→ WHAT YOU NEED TO DO: The required output is a copy of each line in the material below that includes "lower".
[Start of Attachment]
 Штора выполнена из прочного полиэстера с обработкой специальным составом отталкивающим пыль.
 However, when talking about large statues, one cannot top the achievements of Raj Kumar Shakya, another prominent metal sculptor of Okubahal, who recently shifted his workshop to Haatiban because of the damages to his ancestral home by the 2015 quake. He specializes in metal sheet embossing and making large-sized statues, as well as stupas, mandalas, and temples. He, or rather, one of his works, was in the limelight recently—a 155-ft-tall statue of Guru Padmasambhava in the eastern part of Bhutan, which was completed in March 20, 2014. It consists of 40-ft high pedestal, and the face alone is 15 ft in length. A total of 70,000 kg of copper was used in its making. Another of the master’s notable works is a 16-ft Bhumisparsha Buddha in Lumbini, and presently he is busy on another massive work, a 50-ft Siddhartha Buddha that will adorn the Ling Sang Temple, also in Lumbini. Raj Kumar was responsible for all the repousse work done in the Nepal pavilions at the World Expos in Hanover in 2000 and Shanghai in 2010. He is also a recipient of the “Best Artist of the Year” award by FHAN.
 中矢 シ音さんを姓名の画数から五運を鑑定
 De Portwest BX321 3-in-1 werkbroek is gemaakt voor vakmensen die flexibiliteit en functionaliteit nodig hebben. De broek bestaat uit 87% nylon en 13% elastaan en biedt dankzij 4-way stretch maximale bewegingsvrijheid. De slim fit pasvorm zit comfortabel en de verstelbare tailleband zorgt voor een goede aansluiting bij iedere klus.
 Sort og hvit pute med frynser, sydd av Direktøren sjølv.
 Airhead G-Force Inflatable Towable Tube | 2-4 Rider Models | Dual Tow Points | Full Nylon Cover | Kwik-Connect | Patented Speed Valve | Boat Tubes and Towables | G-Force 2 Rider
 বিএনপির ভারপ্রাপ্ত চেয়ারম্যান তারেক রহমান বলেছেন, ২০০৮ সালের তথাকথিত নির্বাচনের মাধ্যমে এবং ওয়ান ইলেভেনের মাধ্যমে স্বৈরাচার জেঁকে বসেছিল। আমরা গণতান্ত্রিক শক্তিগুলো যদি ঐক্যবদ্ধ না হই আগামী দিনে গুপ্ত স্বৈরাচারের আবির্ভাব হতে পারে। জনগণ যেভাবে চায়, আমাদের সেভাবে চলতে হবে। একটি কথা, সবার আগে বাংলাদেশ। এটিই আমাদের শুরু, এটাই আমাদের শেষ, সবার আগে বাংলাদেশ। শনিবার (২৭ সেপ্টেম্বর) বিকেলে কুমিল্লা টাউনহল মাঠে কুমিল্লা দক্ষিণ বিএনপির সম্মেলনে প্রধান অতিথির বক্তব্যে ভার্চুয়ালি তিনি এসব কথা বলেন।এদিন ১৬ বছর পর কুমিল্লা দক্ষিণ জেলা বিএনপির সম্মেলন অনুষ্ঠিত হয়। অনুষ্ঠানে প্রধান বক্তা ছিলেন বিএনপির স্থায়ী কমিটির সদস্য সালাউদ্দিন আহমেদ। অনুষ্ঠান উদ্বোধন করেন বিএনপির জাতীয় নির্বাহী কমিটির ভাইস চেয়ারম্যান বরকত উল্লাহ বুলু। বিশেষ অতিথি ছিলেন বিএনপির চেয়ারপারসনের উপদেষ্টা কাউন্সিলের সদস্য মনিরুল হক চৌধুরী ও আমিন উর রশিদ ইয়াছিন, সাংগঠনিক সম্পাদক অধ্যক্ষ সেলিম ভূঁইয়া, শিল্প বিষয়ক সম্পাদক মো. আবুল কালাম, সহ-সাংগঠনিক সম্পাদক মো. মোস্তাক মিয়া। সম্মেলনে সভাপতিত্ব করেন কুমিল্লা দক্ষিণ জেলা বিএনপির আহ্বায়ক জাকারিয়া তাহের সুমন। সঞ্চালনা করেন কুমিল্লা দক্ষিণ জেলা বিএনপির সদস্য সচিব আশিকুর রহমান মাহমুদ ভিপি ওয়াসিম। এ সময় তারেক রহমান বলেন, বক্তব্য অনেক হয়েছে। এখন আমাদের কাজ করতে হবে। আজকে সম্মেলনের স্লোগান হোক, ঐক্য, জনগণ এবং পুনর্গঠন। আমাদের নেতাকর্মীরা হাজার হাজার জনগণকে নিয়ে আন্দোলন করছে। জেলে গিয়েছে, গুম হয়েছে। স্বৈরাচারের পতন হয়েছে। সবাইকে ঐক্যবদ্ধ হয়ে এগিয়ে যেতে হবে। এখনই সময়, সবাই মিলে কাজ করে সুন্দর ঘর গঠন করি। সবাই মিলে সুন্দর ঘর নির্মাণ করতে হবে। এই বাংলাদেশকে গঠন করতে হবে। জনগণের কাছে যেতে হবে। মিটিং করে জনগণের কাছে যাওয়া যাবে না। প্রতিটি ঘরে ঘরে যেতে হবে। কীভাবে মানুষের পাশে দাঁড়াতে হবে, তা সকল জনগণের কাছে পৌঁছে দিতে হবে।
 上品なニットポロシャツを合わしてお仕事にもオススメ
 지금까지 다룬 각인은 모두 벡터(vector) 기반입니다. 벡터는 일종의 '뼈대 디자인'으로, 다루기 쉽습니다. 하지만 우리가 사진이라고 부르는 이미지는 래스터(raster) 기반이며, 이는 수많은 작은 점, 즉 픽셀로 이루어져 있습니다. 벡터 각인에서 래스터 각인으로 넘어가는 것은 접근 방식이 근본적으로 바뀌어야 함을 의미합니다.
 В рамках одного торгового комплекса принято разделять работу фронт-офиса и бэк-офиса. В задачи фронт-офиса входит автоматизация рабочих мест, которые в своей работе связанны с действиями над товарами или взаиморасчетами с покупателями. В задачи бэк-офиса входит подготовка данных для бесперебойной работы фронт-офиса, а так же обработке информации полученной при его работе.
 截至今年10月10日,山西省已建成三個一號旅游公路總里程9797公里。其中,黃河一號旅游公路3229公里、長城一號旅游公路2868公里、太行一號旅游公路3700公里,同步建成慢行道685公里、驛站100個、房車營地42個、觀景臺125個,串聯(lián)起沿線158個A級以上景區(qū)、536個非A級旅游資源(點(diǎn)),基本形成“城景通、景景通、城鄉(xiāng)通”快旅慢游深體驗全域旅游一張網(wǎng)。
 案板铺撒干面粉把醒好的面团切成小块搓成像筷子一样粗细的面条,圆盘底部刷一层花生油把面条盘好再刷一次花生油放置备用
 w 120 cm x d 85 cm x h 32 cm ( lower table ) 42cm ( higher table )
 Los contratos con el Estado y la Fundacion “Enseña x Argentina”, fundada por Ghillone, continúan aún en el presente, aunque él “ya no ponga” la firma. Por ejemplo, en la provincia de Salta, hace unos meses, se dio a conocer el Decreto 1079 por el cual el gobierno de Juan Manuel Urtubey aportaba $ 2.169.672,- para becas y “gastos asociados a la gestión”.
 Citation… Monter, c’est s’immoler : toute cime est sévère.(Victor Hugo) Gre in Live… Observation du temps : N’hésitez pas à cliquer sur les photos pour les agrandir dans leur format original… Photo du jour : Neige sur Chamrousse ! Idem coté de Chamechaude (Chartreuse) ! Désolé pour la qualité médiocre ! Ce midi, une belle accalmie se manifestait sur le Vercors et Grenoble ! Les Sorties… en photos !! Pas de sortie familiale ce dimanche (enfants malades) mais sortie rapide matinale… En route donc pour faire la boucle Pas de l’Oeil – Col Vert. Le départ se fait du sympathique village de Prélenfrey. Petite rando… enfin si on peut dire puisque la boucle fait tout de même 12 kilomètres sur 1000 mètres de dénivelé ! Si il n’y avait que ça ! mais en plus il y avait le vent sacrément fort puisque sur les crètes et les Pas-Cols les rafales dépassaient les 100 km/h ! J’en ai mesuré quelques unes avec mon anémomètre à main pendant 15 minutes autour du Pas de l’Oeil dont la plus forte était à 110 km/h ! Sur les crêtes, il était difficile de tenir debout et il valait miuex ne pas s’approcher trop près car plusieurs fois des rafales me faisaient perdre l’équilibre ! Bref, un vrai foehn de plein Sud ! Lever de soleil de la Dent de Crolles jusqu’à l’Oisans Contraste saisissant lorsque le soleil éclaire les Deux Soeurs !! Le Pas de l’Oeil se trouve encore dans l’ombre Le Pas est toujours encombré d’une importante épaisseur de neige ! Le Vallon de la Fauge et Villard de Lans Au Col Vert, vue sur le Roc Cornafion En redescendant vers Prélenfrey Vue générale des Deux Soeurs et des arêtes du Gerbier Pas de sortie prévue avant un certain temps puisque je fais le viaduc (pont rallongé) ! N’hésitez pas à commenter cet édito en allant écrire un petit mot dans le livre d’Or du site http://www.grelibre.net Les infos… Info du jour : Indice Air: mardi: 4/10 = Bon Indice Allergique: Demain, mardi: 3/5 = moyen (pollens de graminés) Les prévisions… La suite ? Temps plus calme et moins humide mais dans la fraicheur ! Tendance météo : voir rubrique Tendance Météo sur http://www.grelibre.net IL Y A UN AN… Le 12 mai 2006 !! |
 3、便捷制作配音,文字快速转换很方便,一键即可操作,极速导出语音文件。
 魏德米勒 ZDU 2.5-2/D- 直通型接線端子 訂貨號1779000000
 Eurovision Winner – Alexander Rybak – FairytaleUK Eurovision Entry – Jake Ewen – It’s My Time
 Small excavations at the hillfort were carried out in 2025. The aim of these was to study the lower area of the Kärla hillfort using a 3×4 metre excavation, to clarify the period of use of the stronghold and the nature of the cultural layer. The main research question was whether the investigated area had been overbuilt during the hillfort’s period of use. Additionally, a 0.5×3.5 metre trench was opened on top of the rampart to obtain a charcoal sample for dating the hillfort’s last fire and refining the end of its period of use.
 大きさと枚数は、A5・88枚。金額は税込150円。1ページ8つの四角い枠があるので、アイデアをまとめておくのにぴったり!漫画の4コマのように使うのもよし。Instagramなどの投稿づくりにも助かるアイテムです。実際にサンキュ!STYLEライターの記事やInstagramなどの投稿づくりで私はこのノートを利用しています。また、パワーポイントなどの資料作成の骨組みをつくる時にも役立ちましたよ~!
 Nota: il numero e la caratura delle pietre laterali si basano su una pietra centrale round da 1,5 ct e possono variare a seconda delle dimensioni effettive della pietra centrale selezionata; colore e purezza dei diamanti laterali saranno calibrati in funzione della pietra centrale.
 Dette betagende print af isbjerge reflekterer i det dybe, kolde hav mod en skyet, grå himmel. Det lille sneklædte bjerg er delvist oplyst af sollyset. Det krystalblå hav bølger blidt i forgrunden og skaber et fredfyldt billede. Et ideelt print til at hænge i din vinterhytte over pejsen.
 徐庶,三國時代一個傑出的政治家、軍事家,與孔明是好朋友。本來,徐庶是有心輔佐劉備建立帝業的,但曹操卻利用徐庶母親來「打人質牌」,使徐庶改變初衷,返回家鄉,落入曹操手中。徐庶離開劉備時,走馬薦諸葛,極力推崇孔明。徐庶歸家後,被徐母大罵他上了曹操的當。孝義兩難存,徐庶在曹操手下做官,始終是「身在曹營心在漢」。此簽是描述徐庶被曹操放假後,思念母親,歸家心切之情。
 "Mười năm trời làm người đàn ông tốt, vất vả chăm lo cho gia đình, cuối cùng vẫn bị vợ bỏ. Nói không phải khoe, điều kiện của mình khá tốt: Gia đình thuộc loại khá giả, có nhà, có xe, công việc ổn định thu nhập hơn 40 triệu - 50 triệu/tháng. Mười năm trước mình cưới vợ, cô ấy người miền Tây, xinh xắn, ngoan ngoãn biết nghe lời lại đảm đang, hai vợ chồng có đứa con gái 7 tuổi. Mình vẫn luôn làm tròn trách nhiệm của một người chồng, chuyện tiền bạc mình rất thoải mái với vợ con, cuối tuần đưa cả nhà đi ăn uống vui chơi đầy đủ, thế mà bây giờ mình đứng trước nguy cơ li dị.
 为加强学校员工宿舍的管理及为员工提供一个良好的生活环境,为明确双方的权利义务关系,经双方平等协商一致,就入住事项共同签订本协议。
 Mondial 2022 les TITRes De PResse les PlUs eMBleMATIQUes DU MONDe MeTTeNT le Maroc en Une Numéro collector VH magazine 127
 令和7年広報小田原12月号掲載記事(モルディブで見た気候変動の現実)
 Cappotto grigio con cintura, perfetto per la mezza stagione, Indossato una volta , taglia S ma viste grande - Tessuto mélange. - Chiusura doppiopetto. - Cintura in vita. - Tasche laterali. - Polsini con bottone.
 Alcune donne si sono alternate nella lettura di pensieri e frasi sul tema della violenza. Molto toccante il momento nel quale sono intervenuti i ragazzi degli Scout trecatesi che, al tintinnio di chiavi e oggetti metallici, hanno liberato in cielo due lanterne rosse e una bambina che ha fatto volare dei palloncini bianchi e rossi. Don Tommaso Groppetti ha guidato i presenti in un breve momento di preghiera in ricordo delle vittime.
[End of Attachment]
→ ANSWER BOX:
 w 120 cm x d 85 cm x h 32 cm ( lower table ) 42cm ( higher table )
 Small excavations at the hillfort were carried out in 2025. The aim of these was to study the lower area of the Kärla hillfort using a 3×4 metre excavation, to clarify the period of use of the stronghold and the nature of the cultural layer. The main research question was whether the investigated area had been overbuilt during the hillfort’s period of use. Additionally, a 0.5×3.5 metre trench was opened on top of the rampart to obtain a charcoal sample for dating the hillfort’s last fire and refining the end of its period of use.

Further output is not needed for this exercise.